LVM does have a performance penalty, but it is not normally significant.
If you have a number of logical partitions which you then grow a
number of times, you end up with the actual physical blocks of the
partitions rather scattered across the disk(s), which may impact
performance for streaming or large files. The flexibility you get is
normally worth the slight cost (IMHO).

>> My recommendation is that you use mdadm to create a raid from the raw
>> drives or partitions on the drives, and if you want the volume
>> management features of LVM (I find it very useful), put LVM on top of
>> mdadm raid.
>
> This is exactly what I was trying to do. BUt LVM asks "stripe" or :no
> stripe". THat I wasn;t sure about.
>
>
>> As for the type of raid to use, that depends on the number of disks
>> you have and the redundancy you want. raid5 is well-known to be
>> slower for writing, especially for smaller writes, and it can be risky
>> for large disks in critical applications
>
> Maybe if I explain my situation you can have some more comments.
>
> I have 3 physical "storage boxes" (MD-1000's from Dell). Each takes 15
> SAS 15k drives of 300 GB each. i.e. I have a total of 45 drives of 300 GB
> each. Redundancy is important but not critical. Performance was more
> imporntant.
>
> My original plan was to split each box into two RAID5 arrays of 7 disks
> each and leave 1 as a hot spare. Thus I get 6 RAID5 arrays in all. They
> are visible as /dev/sdb /dev/sdc etc. but I want to mount a single /home
> on it. That's where I introduced LVM. But then LVM again introduces a
> striping option. Should I be striping or not?
>

Don't do any striping with LVM - set up your raid arrays (with hardware
raid and/or mdadm) until you have a single "disk", and put LVM on that.

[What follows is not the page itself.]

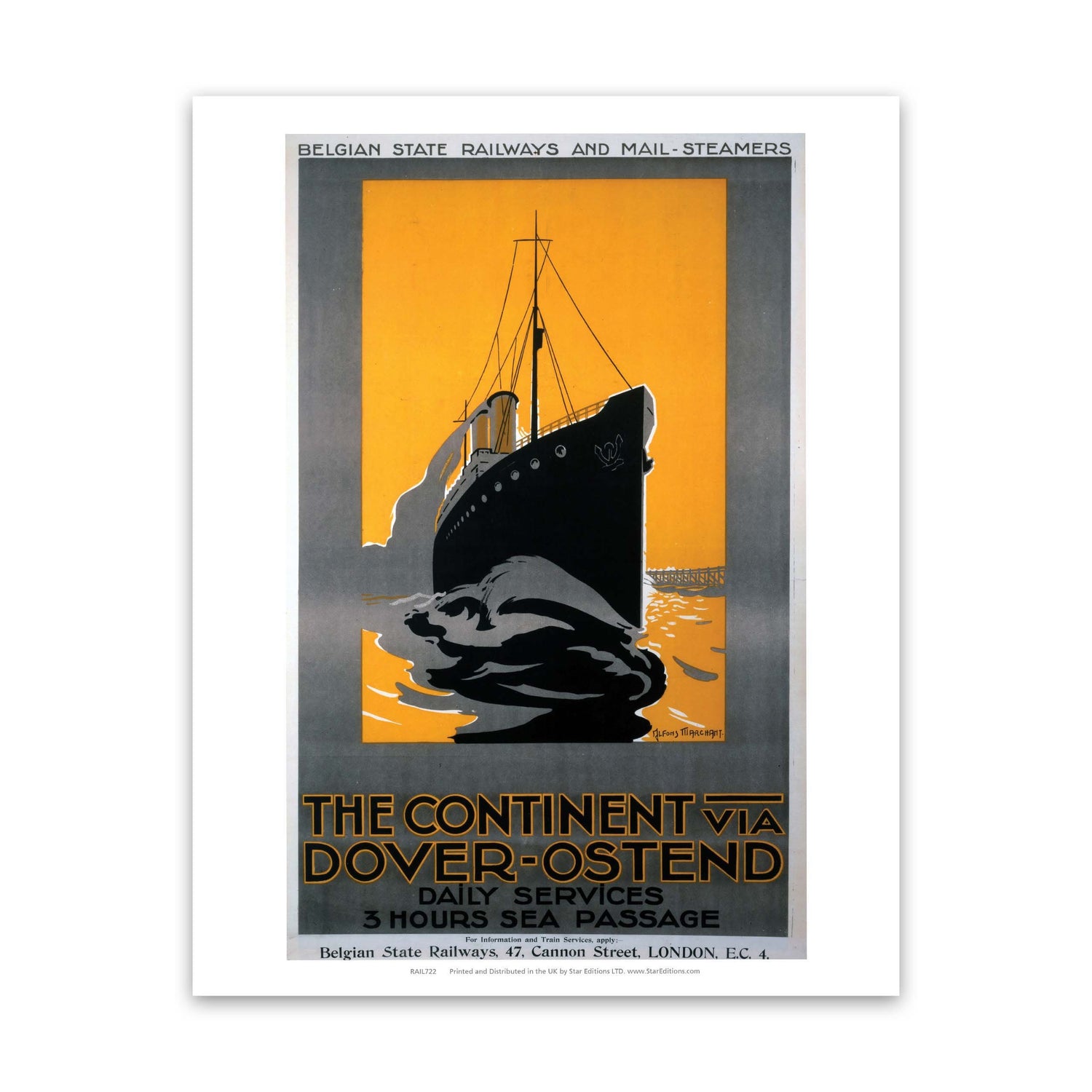 Vintage Railway Poster print of Dover-ostend the continent 3 hour passage. All Railway Posters are printed on high quality eco-friendly paper and are available in multiple sizes. The 11x14 inch sizes are also available with two framed options, perfect to adorn any wall in your home or office.

> That's where I am confuesd about what my best option is. It's hard to
> balance redundancy, performance and disk capacity.
>
>
> Any other creative options that come to mind?
>
>
>
>> (since rebuilding takes so
>> long, and wears the other disks). Mirroring is safer, and mdadmin can
>> happily do a raid10 (roughly a stripe of mirrors) on any number of
>> disks for high speed and mirrored redundancy.
>>
>> Booting from raids is complicated, but not as difficult as suggested
>
> Luckily I don't have to go down that path; I have a seperate drive to
> boot from.
>
From: David Brown on
Aragorn wrote:
> On Tuesday 19 January 2010 08:37 in comp.os.linux.misc, somebody
> identifying as Rahul wrote...
>
>> Aragorn <aragorn(a)chatfactory.invalid> wrote in news:hj1gta$2hp$5
>> @news.eternal-september.org:
>>
>> Thanks for the great explaination!
>
> Glad you appreciated it. ;-)
>

Unfortunately, there seems to me to be a number of misconceptions in
this post. I freely admit to having more theoretical knowledge from
trawling the net, reading mdadm documentation, etc., than personal
practical experience - so anyone reading this will have to judge for
themselves whether they think I am right, or Aragorn is right. Either
way, I hope to give you some things to think about.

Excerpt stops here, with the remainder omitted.